-------- INFORMATION SUPPLIED --------

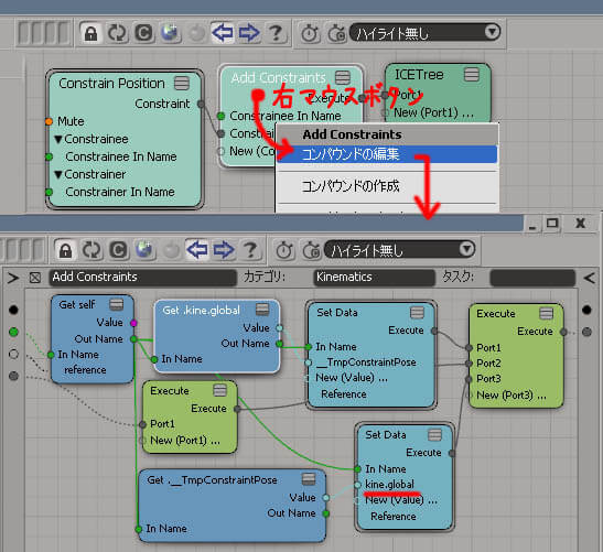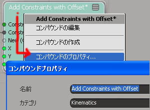 すると、あたらしく X・Y・Z軸の入力が出来ています。 AddConstraints の名前の所に*が付いています。これは内容を編集していていることを示しています。 ![]() どうせなら、あたらしいノードとして保存しておきましょう。右マウスボタン > コンパウンドのプロパティーを選択し、名前を変更します。
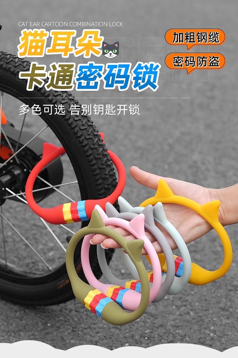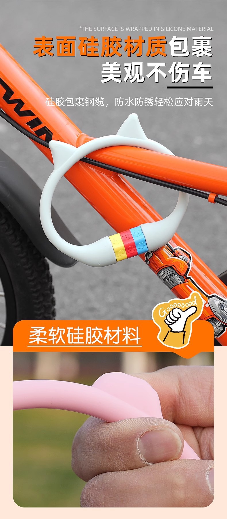 自行车锁儿童小猫防盗密码锁公路山地车卡通便携单车锁配件大全
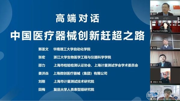 主旨演讲以后,来自华南理工大学自动化学院、国家人体组织功能重建工程技术研究中心教授郭圣文,上海微创医疗器械(集团)有限公司研发技术支持与共享副总裁姜洪焱、上海市计量测试技术研究院教授级高级工程师刘刚以及各主旨演讲嘉宾们围绕《中国医疗器械创新赶超之路》展开了一场跨界高端对话。
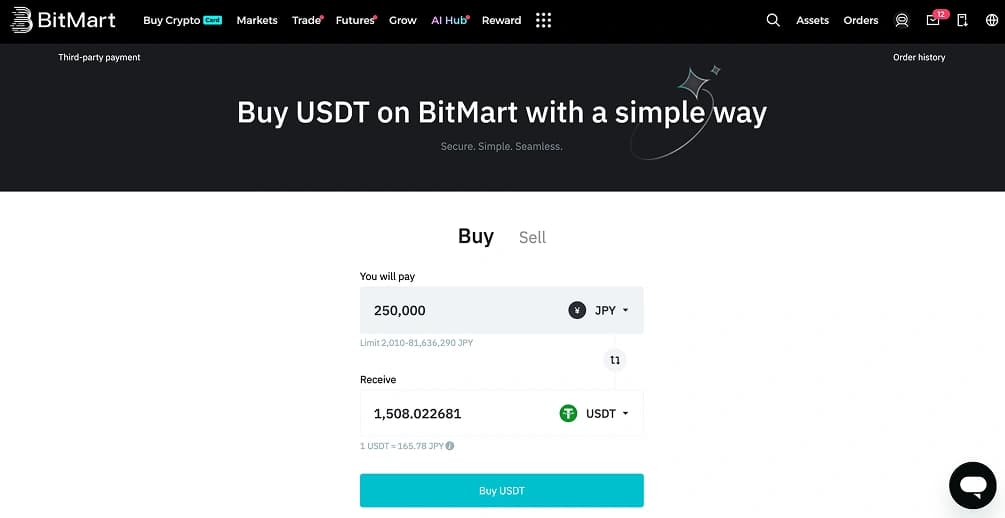 - Open Buy & Sell: From the BitMart homepage, click Buy & Sell. Select USDT as the asset and JPY as the currency, enter your amount, and choose LegendTrading as the service provider.

--------

### [WORK TASK]
Exclude all pictures and reproduce verbatim the lines running from the line that contains "自行车锁儿童小猫防盗密码锁公路山地车卡通便携单车锁配件大全" to the end of the data above, both ends included.

### [RESPONSE BOX]
 自行车锁儿童小猫防盗密码锁公路山地车卡通便携单车锁配件大全
 主旨演讲以后,来自华南理工大学自动化学院、国家人体组织功能重建工程技术研究中心教授郭圣文,上海微创医疗器械(集团)有限公司研发技术支持与共享副总裁姜洪焱、上海市计量测试技术研究院教授级高级工程师刘刚以及各主旨演讲嘉宾们围绕《中国医疗器械创新赶超之路》展开了一场跨界高端对话。
 - Open Buy & Sell: From the BitMart homepage, click Buy & Sell. Select USDT as the asset and JPY as the currency, enter your amount, and choose LegendTrading as the service provider.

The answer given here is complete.